En het zal geschieden, wanneer vele kwaden en benauwdheden hetzelve zullen treffen, dan zal dit lied voor zijn aangezicht antwoorden tot getuige; want het zal uit den mond zijns zaads niet vergeten worden; dewijl Ik weet zijn gedichtsel dat het heden maakt, aleer Ik het inbreng in het land, dat Ik gezworen heb.
22 And Moses wrote this song in that day, and taught it to the children of Israel.
Zo schreef Mozes dit lied te dien dage, en hij leerde het den kinderen Israels.
23 And he charged Joshua, and said, Be courageous and strong, for thou shalt bring the sons of Israel into the land, which the Lord sware to them, and he shall be with thee.
En Hij gebood Jozua, den zoon van Nun, en zeide: Zijt sterk en heb goeden moed, want gij zult de kinderen Israels inbrengen in het land, dat Ik hun gezworen heb; en Ik zal met u zijn.
24 And when Moses finished writing all the words of this law in a book, even to the end,
En het geschiedde, als Mozes voleind had de woorden dezer wet te schrijven in een boek, totdat zij voltrokken waren;
25 then he charged the Levites who bear the ark of the covenant of the Lord, saying,
Zo gebood Mozes den Levieten, die de ark des verbonds des HEEREN droegen, zeggende:
26 Take the book of this law, and ye shall put it in the side of the ark of the covenant of the Lord your God; and it shall be there among you for a testimony.
Neemt dit wetboek, en legt het aan de zijde van de ark des verbonds des HEEREN, uws Gods, dat het aldaar zij ten getuige tegen u.
27 For I know thy provocation, and thy stiff neck; for yet during my life with you at this day, ye have been provoking in your conduct toward God: how shall ye not also be so after my death?
Want ik ken uw wederspannigheid, en uw harden nek. Ziet, terwijl ik nog heden met ulieden leve, zijt gij wederspannig geweest tegen den HEERE; hoe veel te meer na mijn dood!

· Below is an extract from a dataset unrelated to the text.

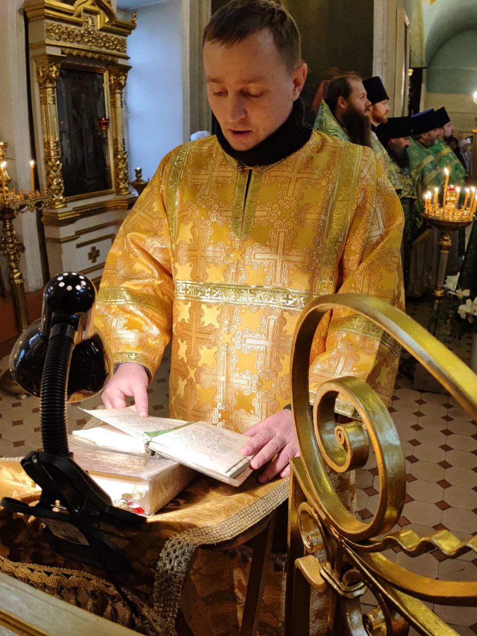 По отпусте литургии священнослужители совершили славление праздника Крещения Господня и преподобного Елеазара Анзерского, Козельского чудотворца (преподобный Елеазар родился и возрастал в богоспасаемом городе Козельске до своего удаления в Соловецкий монастырь).

28 Gather together to me the heads of your tribes, and your elders, and your judges, and your officers, that I may speak in their ears all these words; and I call both heaven and earth to witness against them.
Vergadert tot mij al de oudsten uwer stammen, en uw ambtlieden; dat ik voor hun oren deze woorden spreke, en tegen hen den hemel en de aarde tot getuigen neme.

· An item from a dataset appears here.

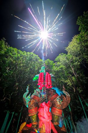 คืนวันนั้น พระอาจารย์ได้ฝันว่าปีนหน้าผาสูงชันขึ้นไปจนถึงยอด และได้ยินเสียงคนโห่ร้องว่า “สำเร็จแล้ว!” ซึ่งเมื่อสะดุ้งตื่นขึ้นมา จึงเชื่อว่าเป็นนิมิตดีและเป็นสัญญาณให้เดินหน้าสร้างองค์ปู่ท้าวเวสสุวรรณทั้ง 8 องค์ โดยยึดตามหลักธรรม “อริยมรรคมีองค์ 8” ที่เป็นหนทางแห่งความพ้นทุกข์ในพระพุทธศาสนา

29 For I know that after my death ye will utterly transgress, and turn aside out of the way which I have commanded you; and evils shall come upon you in the latter days, because ye will do evil before the Lord, to provoke him to anger by the works of your hands. And Moses spoke all the words of this song even to the end, in the ears of the whole assembly.
Want ik weet, dat gij het na mijn dood zekerlijk zult verderven, en afwijken van den weg, dien ik u geboden heb; dan zal u dit kwaad in het laatste der dagen ontmoeten, wanneer gij zult gedaan hebben, dat kwaad is in de ogen des HEEREN, om Hem door het werk uwer handen tot toorn te verwekken.
Toen sprak Mozes, voor de oren der ganse gemeente van Israel, de woorden dezes lieds, totdat zij voltrokken waren.